Five architectural decisions I had to make differently after twenty years of making them in an enterprise.
Twenty years building enterprise software taught me a vocabulary — Clean Architecture, CQRS, circuit breakers, retry policies, DDD, the whole catechism — and the rigour that comes from operating systems where something breaking at 2 AM stops a thousand people from doing their jobs.

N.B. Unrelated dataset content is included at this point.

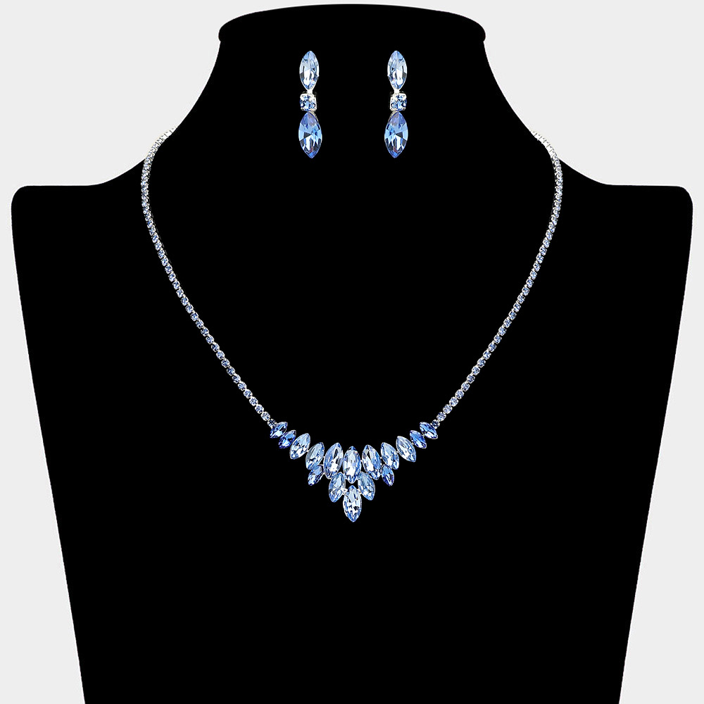 • Elegant marquise cut rhinestone statement set featuring a dramatic V-shaped drop necklace constructed from cascading stones and a delicate line chain. The sophisticated necklace pairs perfectly with the included dangle earrings. Ideal accessories for brides, proms, galas, and formal events. This stunning set makes a bold and dazzling style statement.

Then I started building my own product. VoiceMeet Pro: a real-time audio meeting platform with hundred-participant rooms, studio-grade WebRTC audio via LiveKit, per-participant cloud recording, AI transcription via Whisper large-v3, host visibility controls, guest access without registration, waiting room, admin dashboard, and Razorpay and Stripe payments. The patterns did not stop being correct. They stopped being free. What follows are the five decisions where that distinction mattered most.

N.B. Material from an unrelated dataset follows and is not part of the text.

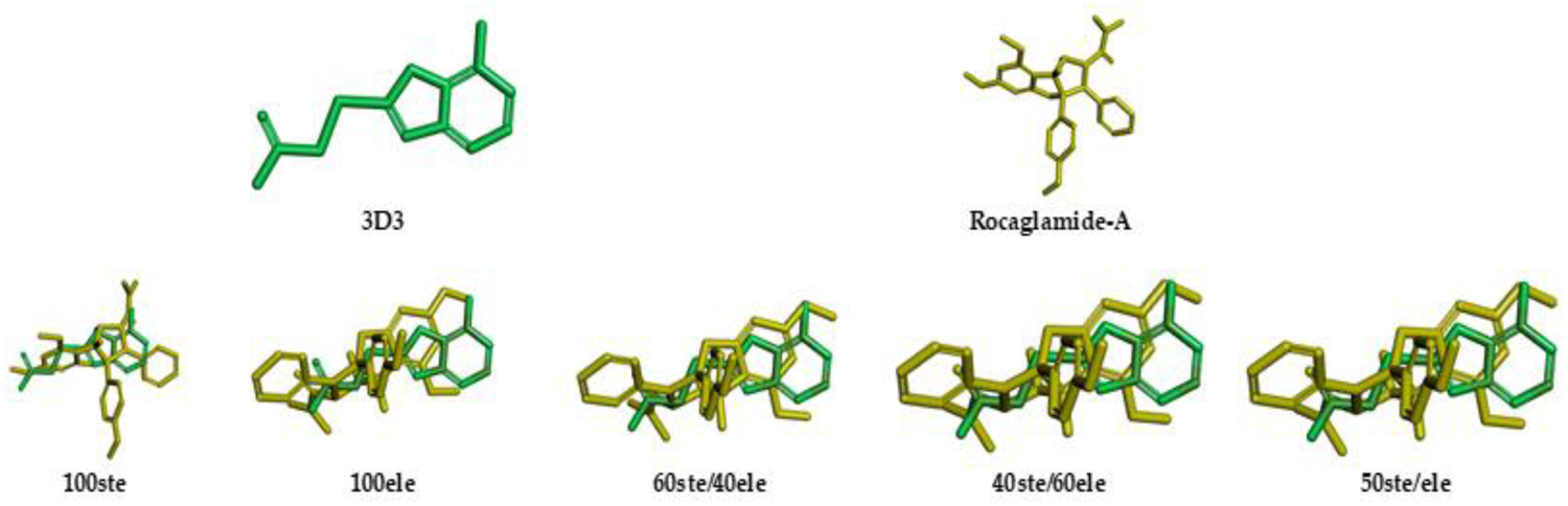 Representations of overlap similarities between molecular structures of 3D3 ligand (green) and Rocaglamide-A (yellow) according to different steric/electrostatic contributions.

1. Every background process is a tenant. Know them all.
In an enterprise, the OS is the substrate. Somebody else’s job. I would provision an instance, assume the standard image was reasonable, and move on. The slack in those environments is enormous — so much memory that whatever the OS is doing in the background never surfaces in application metrics.
Right-size a production instance for cost discipline and that assumption becomes the first casualty.

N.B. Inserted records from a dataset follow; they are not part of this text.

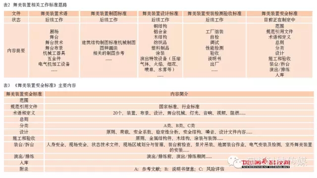 对此,文化部科技司、中国艺术科技研究所、国家大剧院联合启动《艺术表演场所安全技术标准研究》工作,其中有关舞美装置安全标准的思路和主要内容见表2、表3。所以,舞台机械安全需要知己,还要对所服务的对象知彼,更要预估风险。
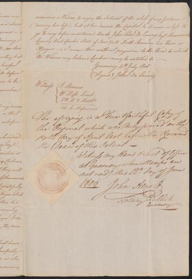 Extract from the will of the late John De Lancey dated Guernsey 4th July 1805 & proved 12th June 1809
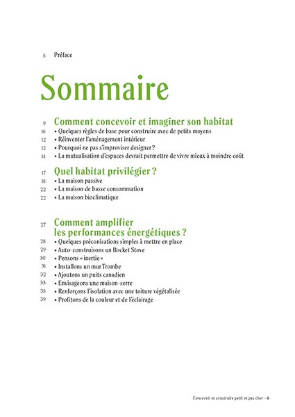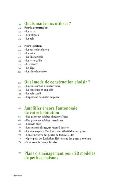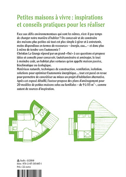Plans d'aménagement pour 20 petites maisonsFace aux défis environnementaux qui sont les nôtres, n’est-il pas temps de changer notre manière d’habiter ? De concevoir et de construire des maisons plus petites où tout est plus simple à gérer et à entretenir, moins dispendieux en termes de ressources – énergie, eau... – et donc plus à même de tendre vers l’autonomie ? Christian La Grange répond par un grand « Oui » à ces questions et propose idées et conseils pour concevoir, (auto)construire et aménager, le tout à moindre coût, cet habitat plus vertueux qu’on appelle maison passive, bioclimatique ou écologique. Matériaux naturels, techniques de construction, ventilation, isolation, solutions de chauffage, récupération des eaux de pluie, toilettes sèches..., tout est passé en revue pour permettre de concrétiser au mieux un projet d’habitation alternative. Après cet exposé détaillé, l’auteur propose des plans d’aménagement et des perspectives pour 20 petites maisons solos ou familiales – de 9 à 90 m2 –, comme autant de sources d’inspiration.

What got me was a dnf automatic update timer. It fires, memory pressure spikes, the Node process gets pushed into swap, WebRTC signalling timeouts cascade through LiveKit, meetings drop. The symptom looks like an application bug. I spent two days chasing it through the wrong layers — LiveKit connection lifecycle, Node handler crashes, PostgreSQL connection pool exhaustion — before I ran systemctl list-timers and found the actual cause sitting there in plain text.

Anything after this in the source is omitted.